* President points to July or August for monetary easing
* Political interference has eroded central bank credibility
* Currency shed 16% since cenbank chief ousted in March (Adds economic context, risks, policy meetings)
ISTANBUL, June 2 (Reuters) – President Tayyip Erdogan sent Turkey’s lira currency to new all-time lows on Wednesday after he called for interest rate cuts in the next two months and said he spoke to the central bank’s new governor about it.
The lira – by far the worst performer in emerging markets this year largely due to perceived political interference in policy – fell by some 4% in thin early trade to 8.88 versus the dollar before recouping some losses.
“I spoke to the central bank governor today – we certainly need to lower interest rates,” Erdogan said in a televised interview with state broadcaster TRT Haber late on Tuesday.
“For that, we need to see July, August for interest rates to start coming down,” he said, adding that lowering rates would lift the burden on investments and help along recovery from the coronavirus pandemic.

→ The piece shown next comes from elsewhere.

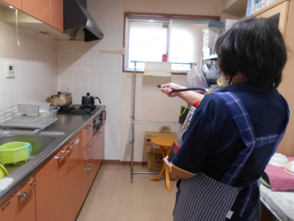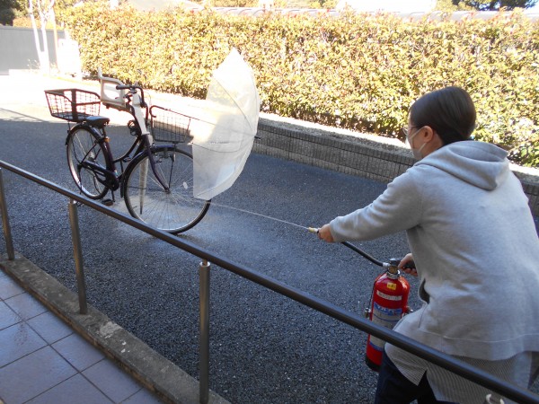 その後はスタッフで水消火器を使い、消火器の使い方を再度確認しました。

Erdogan’s frequent calls for lower borrowing costs and his abrupt removal of three central bank chiefs in less than two years has eroded Turkey’s monetary credibility and left it more vulnerable to high inflation and financial crisis.
The currency was at 8.615 against the dollar at 06:56 GMT.
It has lost 16% since mid-March when Erdogan, a self-described “enemy of interest rates”, ousted a hawkish and well-respected central bank chief and installed a like-minded critic of tight policy.
New bank Governor Sahap Kavcioglu has since held the policy rate at 19% though analysts expect a cut in the third quarter. Still, inflation has risen above 17% and the currency depreciation adds price pressure via heavy imports.
‘LATE NIGHT INTERVENTION’
Central bank leaders are set to hold calls with investors later on Wednesday to discuss policy and economic prospects.
“This late night intervention by Erdogan talking about rate cuts is clearly unhelpful for Kavcioglu heading into his investor calls,” said one foreign investor.
The currency has shed nearly half its value in three years and slid again last week on concerns over global inflation and an early election.
Turkey’s economy rebounded better than most others from the pandemic and should grow by about 5% this year.
But its foreign debt and current account deficit remain swollen and its foreign currency reserves are badly depleted after costly market interventions last year. Adding to risks, travel restrictions could derail another tourism season, sapping more foreign revenues.
“Prospects of central bank interest rate cuts are unfortunately causing Turkish Lira to fall sharply,” Robin Brooks, chief economist at the Institute of International Finance, said on Twitter.
“This fall in the lira means tighter financial conditions and weaker growth,” he said.
The central bank has policy meetings scheduled for July 14 and August 12.